Our local libraries are all a part of a consortium, so you can check out a book from any of the libraries to which your library is linked. If it’s a new book, and if your library is able you can get it from one of the other libraries, you can keep it for two weeks. So no, we don’t have the same rules, I guess. They are usually pretty good about getting whatever you need. It can just take a bit of time sometimes.
@@BookChatWithPat8668 Ah! What you are describing is something different than what we call interlibrary loans in Canada, which are loans made library-to-library between systems that aren’t connected. Sharing books between a consortium of libraries happens a lot here; it’s very convenient for library patrons and cost effective for libraries.

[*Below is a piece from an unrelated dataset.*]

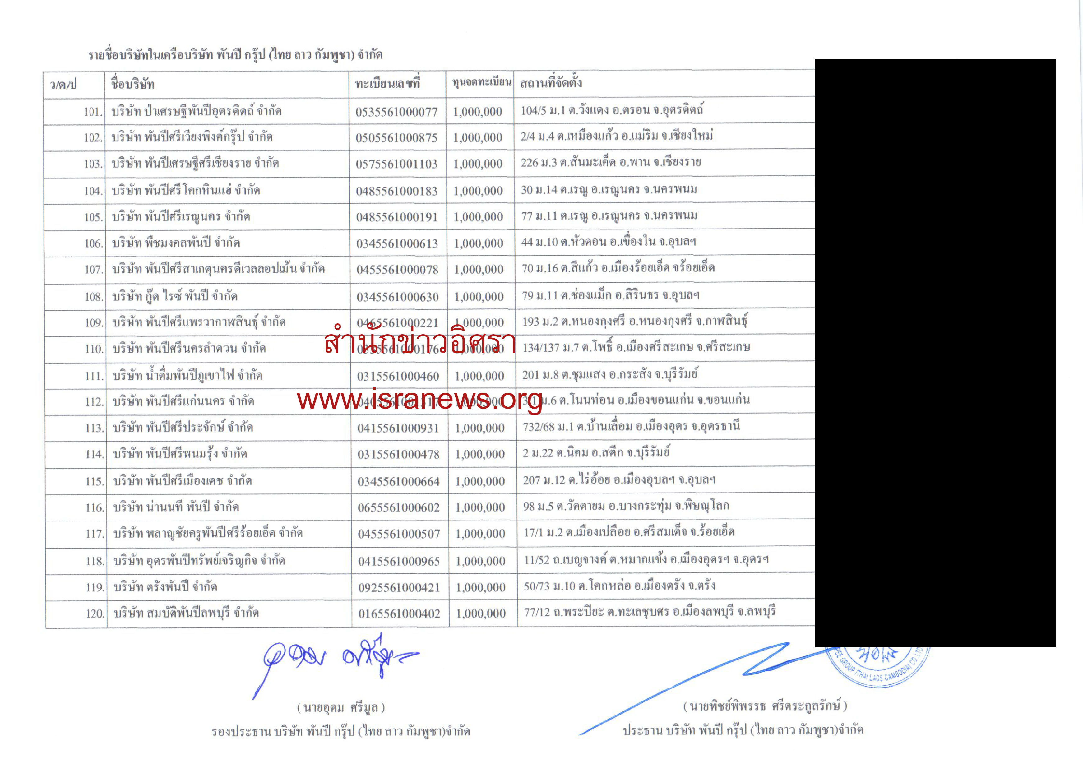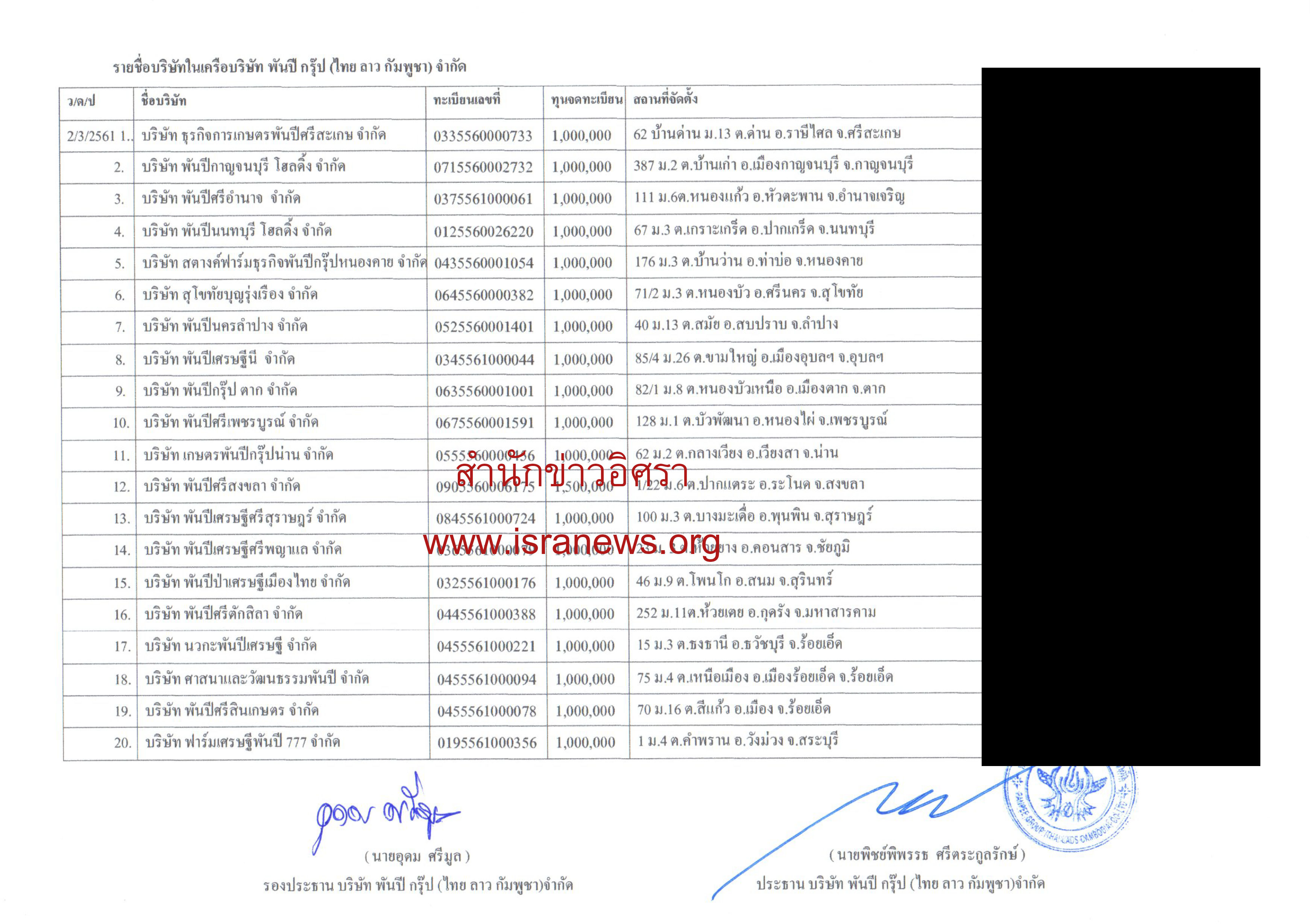 "...ล่าสุดสำนักข่าวอิศรา ได้รับแจ้งข้อมูลเกี่ยวกับแผนผังเครือข่ายพันปี กรุ๊ปฯ ที่มีการนำเสนอเรื่องให้ที่ประชุมร่วมหน่วยงานที่เกี่ยวข้องเมื่อวันที่ 14 มิ.ย.2561 เป็นทางการ พบว่า การดำเนินงานของบริษัทฯ มีการแต่งตั้งผู้บริหารออกเป็น 3 ส่วน คือ ผู้บริหารระดับสายสินค้าเกษตร , ผู้บริหารระดับภาค และผู้บริหารระดับจังหวัด โดยในส่วนของผู้บริหารระดับสายสินค้าเกษตร แยกตามชนิด ได้แก่ ข้าว พืช ปลูกป่า ปศุสัตว์ , ผู้บริหารระดับภาค แยกเป็น อีสาน เหนือ กลาง ใต้ ตะวันออก , ผู้บริหารระดับจังหวัด แยกตามประเภทขององค์กร ได้แก่ สหกรณ์ ชมรม มูลนิธิ กลุ่มเกษตรกร บริษัท วิสาหกิจชุมชน สมาคม พรรคการเมือง..."
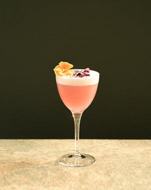 Dry shake first, add ice and shake again. Serve straight up and garnish with rose petals and an edible flower.

@@lindysmagpiereads The whole system has just been re-done recently, and we are connected to many more libraries than ever before. Now, when you look up a book in the online catalogue, you can see exactly how many copies are available and where they are. It seems to be a fairly huge network now. I suppose librarians would work with you to access something even if it didn’t appear anywhere in the network, but I don’t believe I’ve had to do that yet.
@@BookChatWithPat8668 👌
I wish I had memories of your ice cream Lindy - the 3 flavors you described here sound divine. I am envious of your snuggly cat... we have 2 cats neither of which are very snuggly. I've been looking around casually for a book for Framed in September. I am an artist and so am painting nearly every day and since I am also a bookish person, I have read so many books about artists & art. But, I found something interesting... a graphic novel (my first one) 'Babe in the Woods or the Art of Getting Lost'. It's by an artist, Julie Heffernan - and the graphics are gorgeous. I believe the story is autobiographical and quite interesting so far. I don't think I would have given this book a second look if not for all of the graphic novels you talk about on your channel.
@@melaniereed3494 Hi Melanie! It’s nice to hear from you. That Julie Heffernan book sounds great. It’s on order at the library so I have just now placed it on hold. I’m pleased to have influenced your reading of graphic novel format. 😊
The ice cream is a very easy no churn recipe that can be flavoured as you like. Search the internet for “three ingredients ice cream” and you should find many examples.
Yeah! Another thumbs up for Mobility. I totally agree that its a book you keep thinking about. Bunny is so slippery. As she got older I decided she wasn't so obtuse and oblivious. She was caught up in living a conventional life and chasing "success". I think she started to ignore unconvenient or uncomfortable truths. I watched a few author interviews. During one she said something like "do we really think things would be different if women were in charge if all the same systems are still in place?" Bunny was living the life "the system" is set up for her to have. Can you tell I'm still thinking about it?